◆ **Problem**
The reply should hold only the lines below beginning at the one with "서울아산병원은 울산의대 융합의학과" and ending at the one with "Both air movers", copied exactly, with every picture left out.

◆ **Given information**
=== Begin Enclosure ===

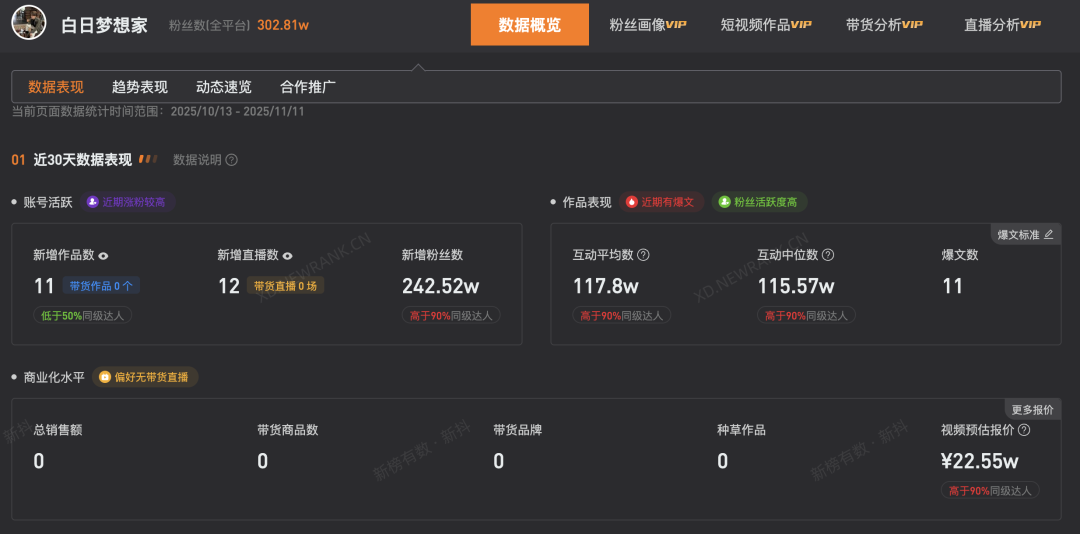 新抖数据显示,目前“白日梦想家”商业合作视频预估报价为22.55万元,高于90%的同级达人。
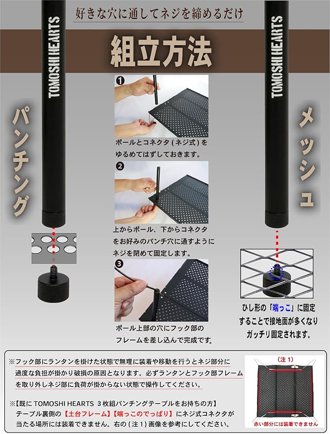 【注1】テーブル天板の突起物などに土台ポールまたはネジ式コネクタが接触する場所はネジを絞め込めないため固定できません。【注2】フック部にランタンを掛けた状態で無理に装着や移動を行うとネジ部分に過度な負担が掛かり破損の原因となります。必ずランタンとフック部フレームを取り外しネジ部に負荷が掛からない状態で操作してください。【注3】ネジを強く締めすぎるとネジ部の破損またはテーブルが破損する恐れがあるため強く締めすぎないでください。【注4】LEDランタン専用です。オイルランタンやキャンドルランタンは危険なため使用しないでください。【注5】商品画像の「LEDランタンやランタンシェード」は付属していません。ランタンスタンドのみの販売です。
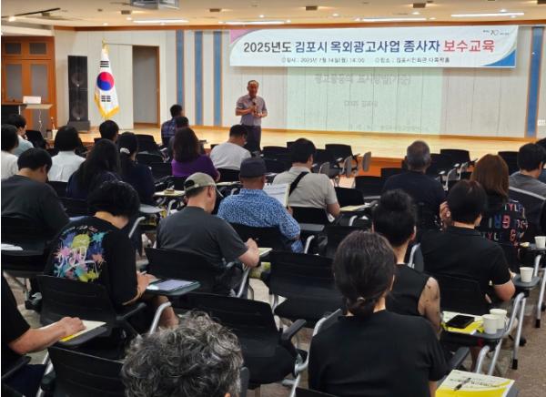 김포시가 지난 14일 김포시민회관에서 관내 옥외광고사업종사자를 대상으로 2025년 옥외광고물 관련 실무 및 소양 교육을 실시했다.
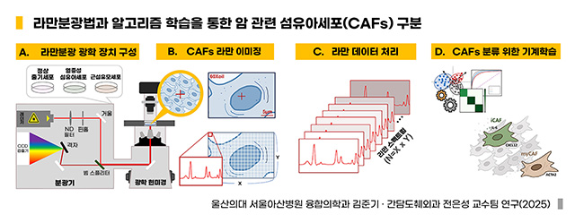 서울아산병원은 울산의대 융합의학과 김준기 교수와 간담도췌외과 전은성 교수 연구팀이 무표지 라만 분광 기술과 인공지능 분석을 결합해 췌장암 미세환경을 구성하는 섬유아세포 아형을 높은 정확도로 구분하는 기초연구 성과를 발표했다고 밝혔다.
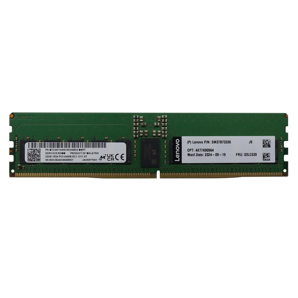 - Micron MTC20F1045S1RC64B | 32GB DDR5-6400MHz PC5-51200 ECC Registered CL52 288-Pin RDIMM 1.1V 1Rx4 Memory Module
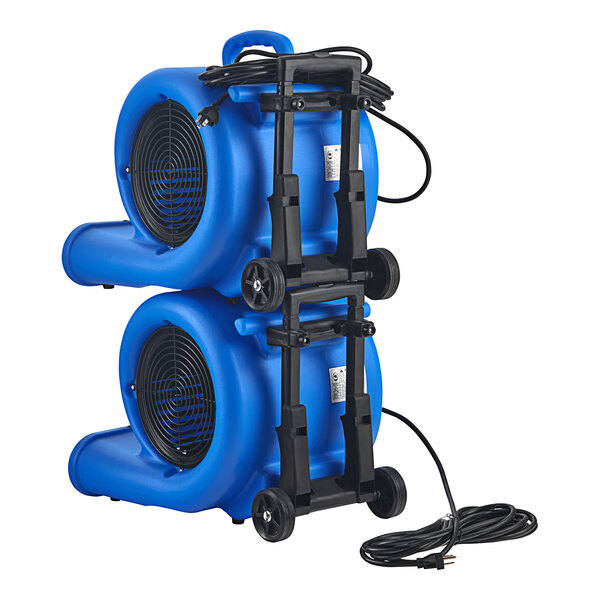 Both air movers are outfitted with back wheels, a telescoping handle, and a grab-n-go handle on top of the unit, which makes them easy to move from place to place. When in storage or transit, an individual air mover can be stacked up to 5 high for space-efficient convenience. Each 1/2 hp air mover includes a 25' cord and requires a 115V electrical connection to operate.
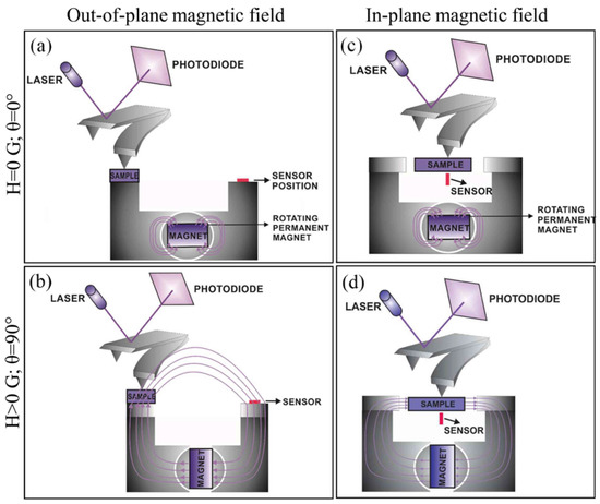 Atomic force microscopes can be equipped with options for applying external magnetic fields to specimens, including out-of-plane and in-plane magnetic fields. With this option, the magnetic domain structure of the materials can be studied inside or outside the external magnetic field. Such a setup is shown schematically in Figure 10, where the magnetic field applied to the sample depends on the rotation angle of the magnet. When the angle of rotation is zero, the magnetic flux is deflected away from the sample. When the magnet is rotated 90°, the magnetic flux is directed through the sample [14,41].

=== End Enclosure ===
=== Begin Enclosure ===

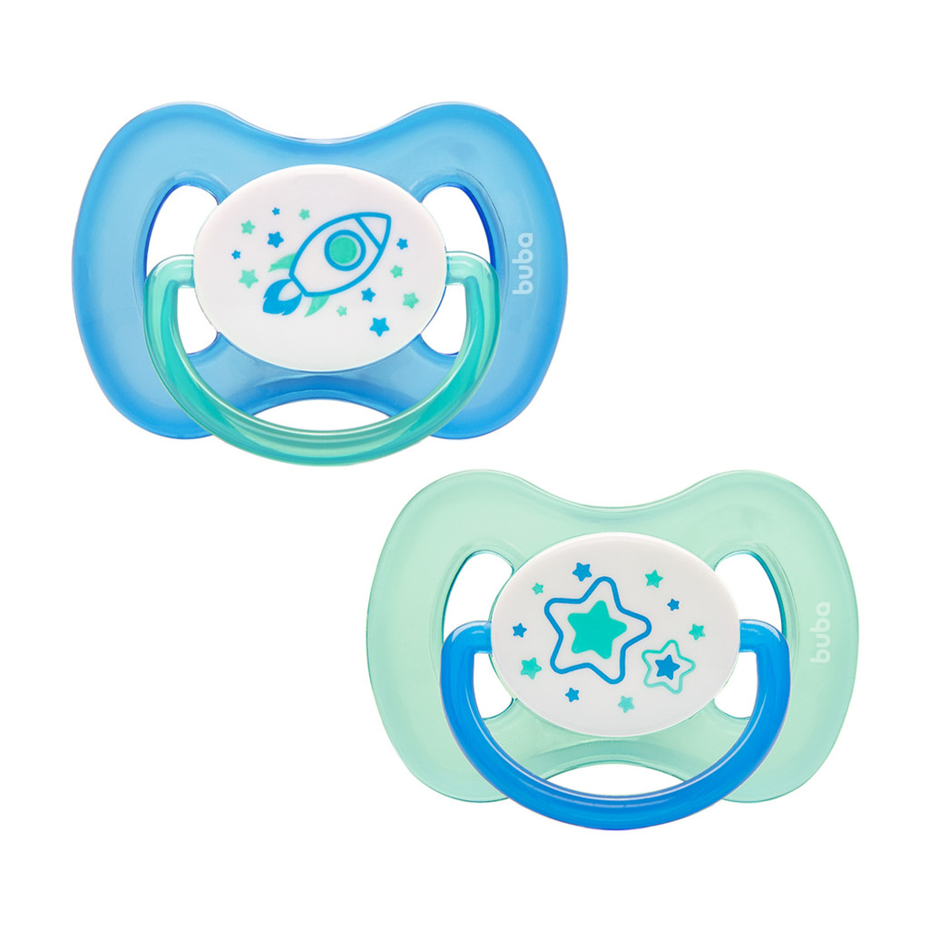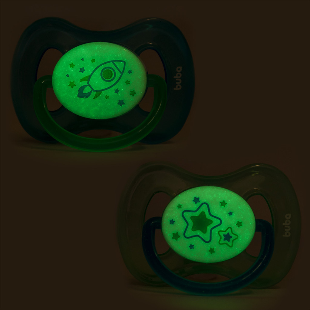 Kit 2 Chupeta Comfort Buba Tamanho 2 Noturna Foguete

=== End Enclosure ===

◆ **Task solution**
 서울아산병원은 울산의대 융합의학과 김준기 교수와 간담도췌외과 전은성 교수 연구팀이 무표지 라만 분광 기술과 인공지능 분석을 결합해 췌장암 미세환경을 구성하는 섬유아세포 아형을 높은 정확도로 구분하는 기초연구 성과를 발표했다고 밝혔다.
 - Micron MTC20F1045S1RC64B | 32GB DDR5-6400MHz PC5-51200 ECC Registered CL52 288-Pin RDIMM 1.1V 1Rx4 Memory Module
 Both air movers are outfitted with back wheels, a telescoping handle, and a grab-n-go handle on top of the unit, which makes them easy to move from place to place. When in storage or transit, an individual air mover can be stacked up to 5 high for space-efficient convenience. Each 1/2 hp air mover includes a 25' cord and requires a 115V electrical connection to operate.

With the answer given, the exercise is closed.